When you copy the material below, keep every line exact and drop the pictures.

- _Given material_:
-*-

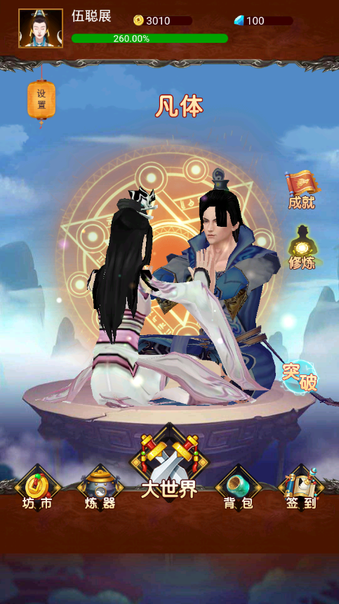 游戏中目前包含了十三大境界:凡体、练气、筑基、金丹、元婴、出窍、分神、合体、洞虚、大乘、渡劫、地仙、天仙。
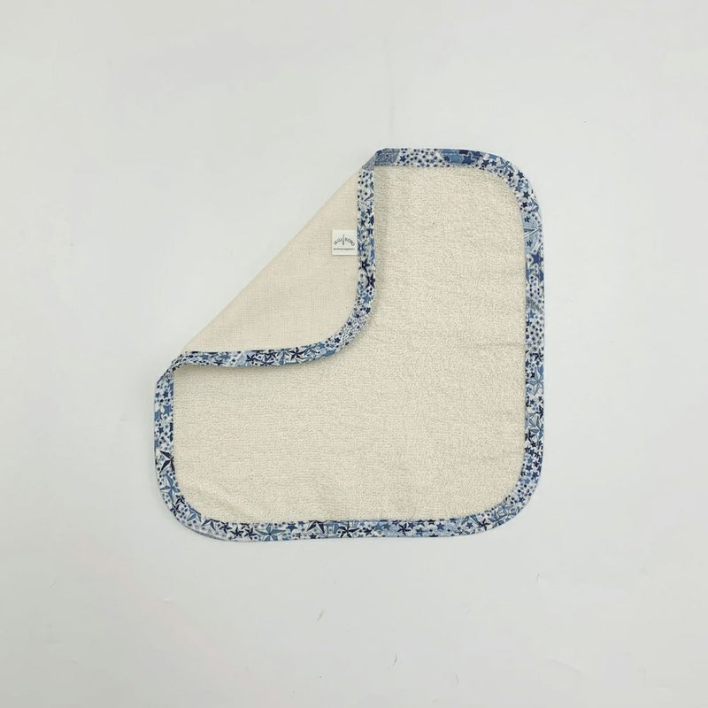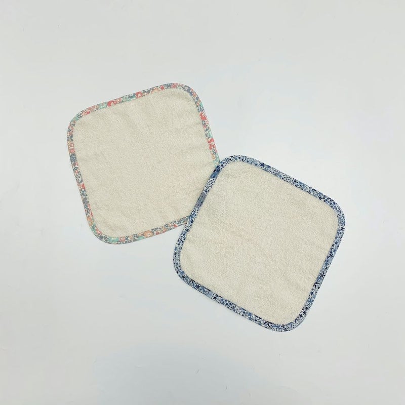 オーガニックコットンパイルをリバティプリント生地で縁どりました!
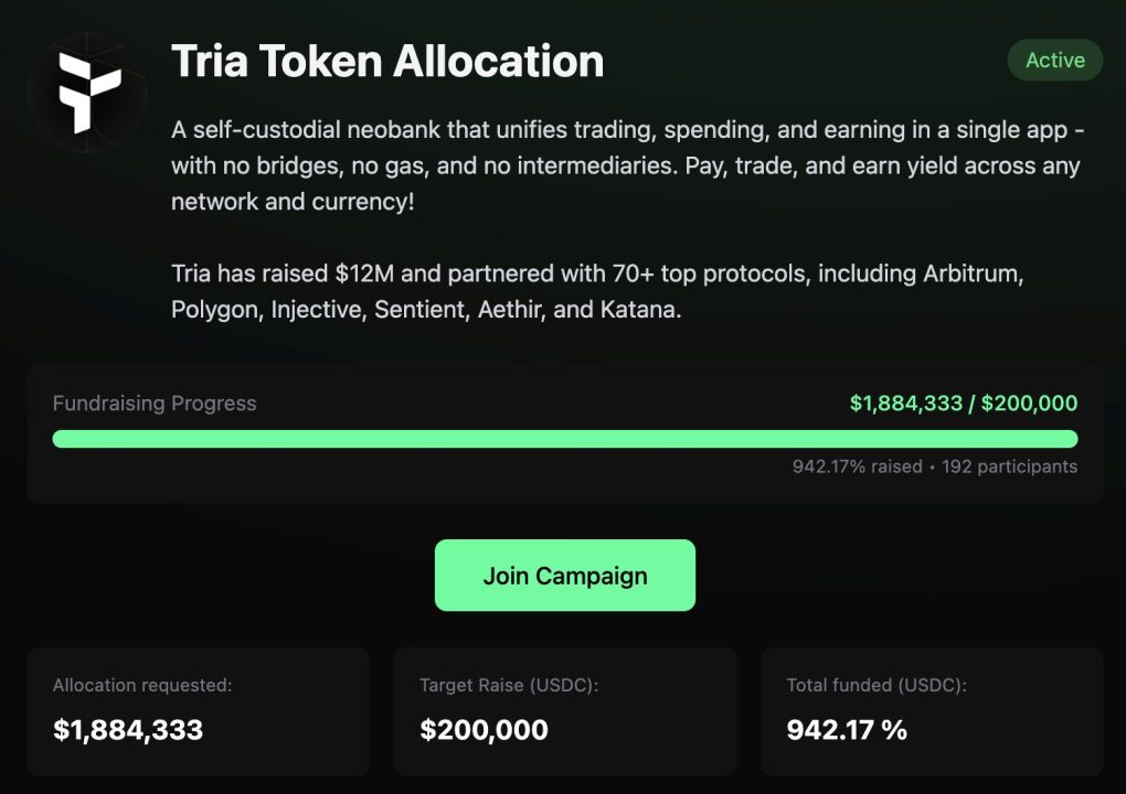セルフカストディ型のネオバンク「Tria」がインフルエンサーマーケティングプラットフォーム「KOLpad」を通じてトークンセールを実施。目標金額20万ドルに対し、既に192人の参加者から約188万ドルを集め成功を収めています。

-*-

- _Written response_:
 游戏中目前包含了十三大境界:凡体、练气、筑基、金丹、元婴、出窍、分神、合体、洞虚、大乘、渡劫、地仙、天仙。
 オーガニックコットンパイルをリバティプリント生地で縁どりました!
セルフカストディ型のネオバンク「Tria」がインフルエンサーマーケティングプラットフォーム「KOLpad」を通じてトークンセールを実施。目標金額20万ドルに対し、既に192人の参加者から約188万ドルを集め成功を収めています。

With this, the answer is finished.